The reason for the validity of the equation

\begin{equation} \sum p(x) H(Y \mid X = x) = \sum p(x) H(p) \end{equation}

can perhaps be better seen if we denote the right-hand side by

\begin{equation} \sum p(x) H_b(p) \end{equation}

where $H_b(\cdot)$ is the binary entropy function (https://en.wikipedia.org/wiki/Binary_entropy_function).
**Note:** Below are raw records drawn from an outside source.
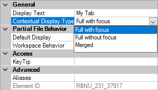 - In the Properties pane, Contextual Display Type box, select Full or Merged.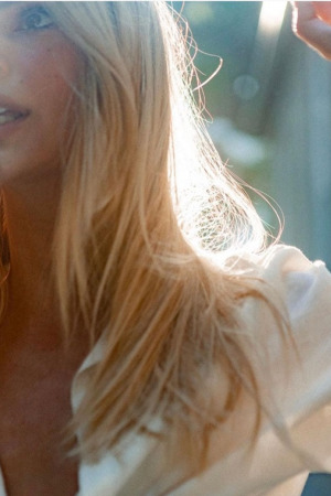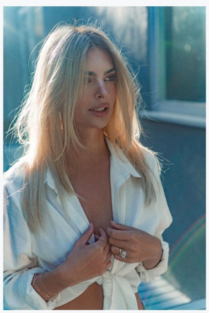 Звезда, которая недавно окрасила волосы в светлый цвет, снялась только выше пояса. Она дополнила образ распущенными волосами, несколькими тонкими золотыми браслетами и кольцами.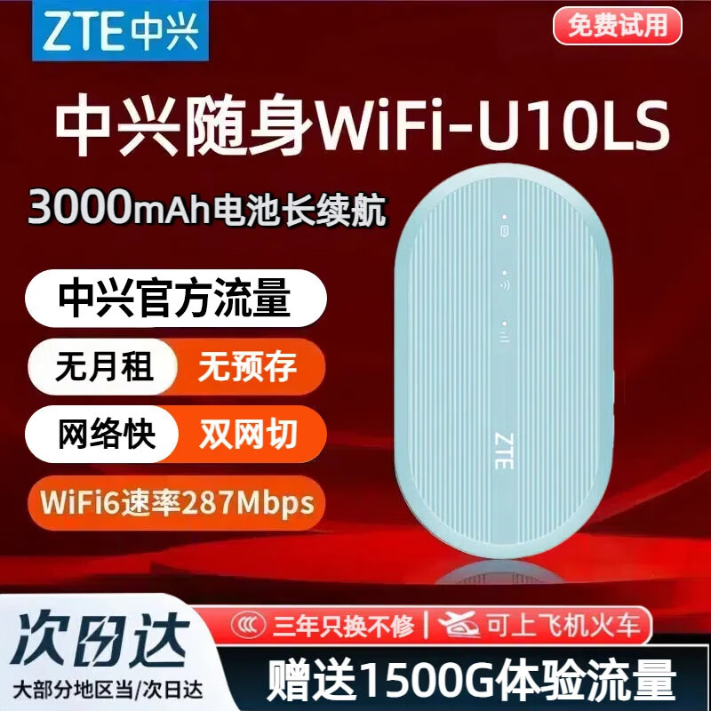 中兴【热销榜NO.1】U10LS随身wifi6免插卡无线高速支持2026款5G/4G便携路由器移动联通电信全国通用 顶配款【升级3000毫】安续航WiFi6-绿色 中兴官方送1500G-网速稳定不虚标-三年质保换新

To see this, note that the defining property of the BSC is precisely that independent of what the source symbol X is, an error, that is a bit-flip, occurs with a fixed probability $p$. In other words:

\begin{equation} \forall x: H(Y \mid X = x) = H(Err \mid X = x) = H_b(p) \end{equation}

where the first equality is due to the fact that for a binary input the enropy of the "error" is equal to entropy of $Y$ and the second equality follows by the paragraph above.

1
On

It seems to me that you are confusing $H(X) = - \sum_i Pr(x_i) \log ( Pr(x_i) )$ (the entropy) and $H(p) = -p \log_2(p) - (1-p) \log_2(1-p)$, which is called the binary entropy function.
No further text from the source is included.